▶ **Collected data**

··········

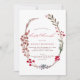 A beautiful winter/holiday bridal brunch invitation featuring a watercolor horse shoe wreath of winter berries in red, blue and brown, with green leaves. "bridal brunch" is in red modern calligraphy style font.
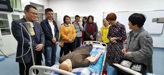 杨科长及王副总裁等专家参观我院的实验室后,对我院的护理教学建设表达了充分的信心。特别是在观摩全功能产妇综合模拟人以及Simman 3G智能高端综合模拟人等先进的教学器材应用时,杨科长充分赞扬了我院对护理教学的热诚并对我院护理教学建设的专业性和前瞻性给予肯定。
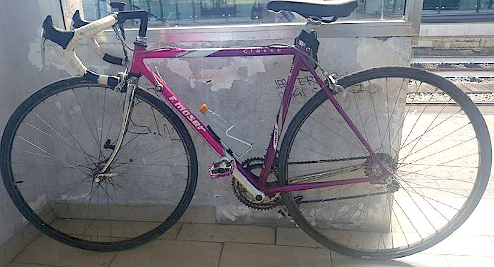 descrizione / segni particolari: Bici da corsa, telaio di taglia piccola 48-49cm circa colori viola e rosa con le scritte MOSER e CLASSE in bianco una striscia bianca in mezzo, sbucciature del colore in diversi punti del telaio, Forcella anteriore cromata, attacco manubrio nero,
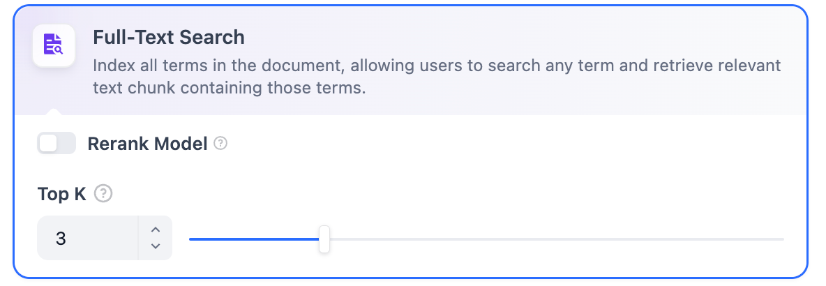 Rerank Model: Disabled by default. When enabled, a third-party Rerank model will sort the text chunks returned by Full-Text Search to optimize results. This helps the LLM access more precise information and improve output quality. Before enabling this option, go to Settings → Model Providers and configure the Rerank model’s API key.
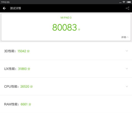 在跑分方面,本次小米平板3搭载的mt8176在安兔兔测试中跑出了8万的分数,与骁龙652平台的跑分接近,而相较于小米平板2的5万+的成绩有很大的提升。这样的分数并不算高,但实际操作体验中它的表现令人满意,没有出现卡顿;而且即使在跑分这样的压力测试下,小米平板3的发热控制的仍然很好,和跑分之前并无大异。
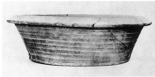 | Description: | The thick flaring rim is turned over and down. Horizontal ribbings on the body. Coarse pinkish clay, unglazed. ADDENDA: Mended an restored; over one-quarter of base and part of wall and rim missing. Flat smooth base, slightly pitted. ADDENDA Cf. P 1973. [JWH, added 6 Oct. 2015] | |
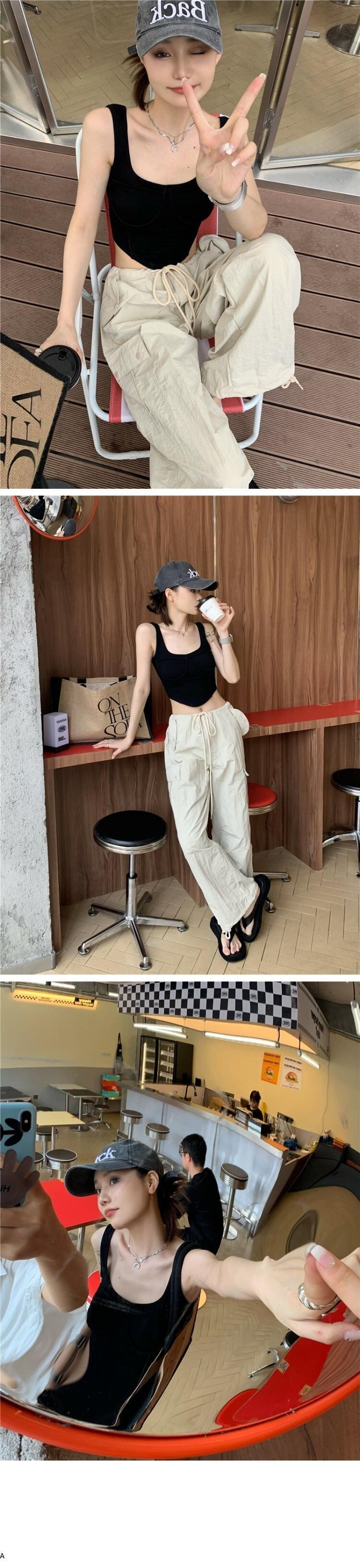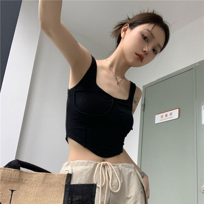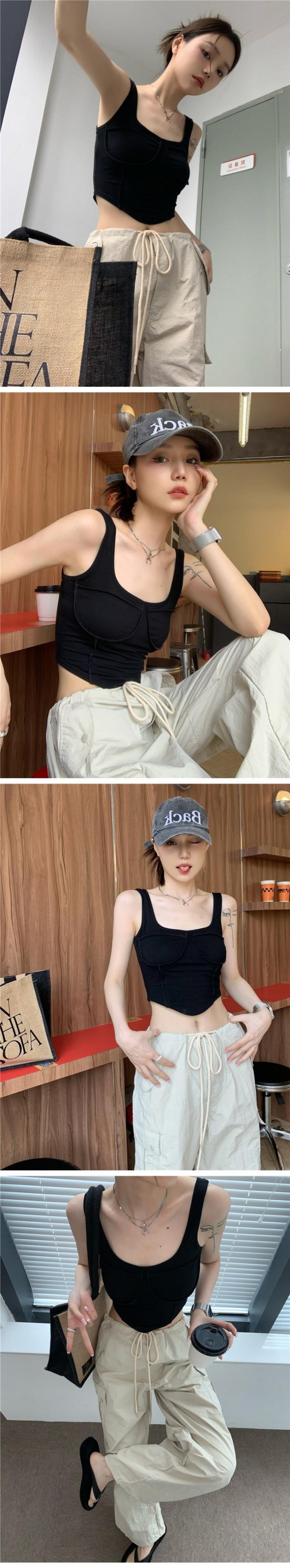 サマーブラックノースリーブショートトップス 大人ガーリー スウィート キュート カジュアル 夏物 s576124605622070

··········

▶ **Exercise instructions**
Taking the entries above, copy word for word the lines from the one with "descrizione / segni" up to and including the one with "在跑分方面,本次小米平板3搭", without any picture.

▶ **Answer for this exercise**
 descrizione / segni particolari: Bici da corsa, telaio di taglia piccola 48-49cm circa colori viola e rosa con le scritte MOSER e CLASSE in bianco una striscia bianca in mezzo, sbucciature del colore in diversi punti del telaio, Forcella anteriore cromata, attacco manubrio nero,
 Rerank Model: Disabled by default. When enabled, a third-party Rerank model will sort the text chunks returned by Full-Text Search to optimize results. This helps the LLM access more precise information and improve output quality. Before enabling this option, go to Settings → Model Providers and configure the Rerank model’s API key.
 在跑分方面,本次小米平板3搭载的mt8176在安兔兔测试中跑出了8万的分数,与骁龙652平台的跑分接近,而相较于小米平板2的5万+的成绩有很大的提升。这样的分数并不算高,但实际操作体验中它的表现令人满意,没有出现卡顿;而且即使在跑分这样的压力测试下,小米平板3的发热控制的仍然很好,和跑分之前并无大异。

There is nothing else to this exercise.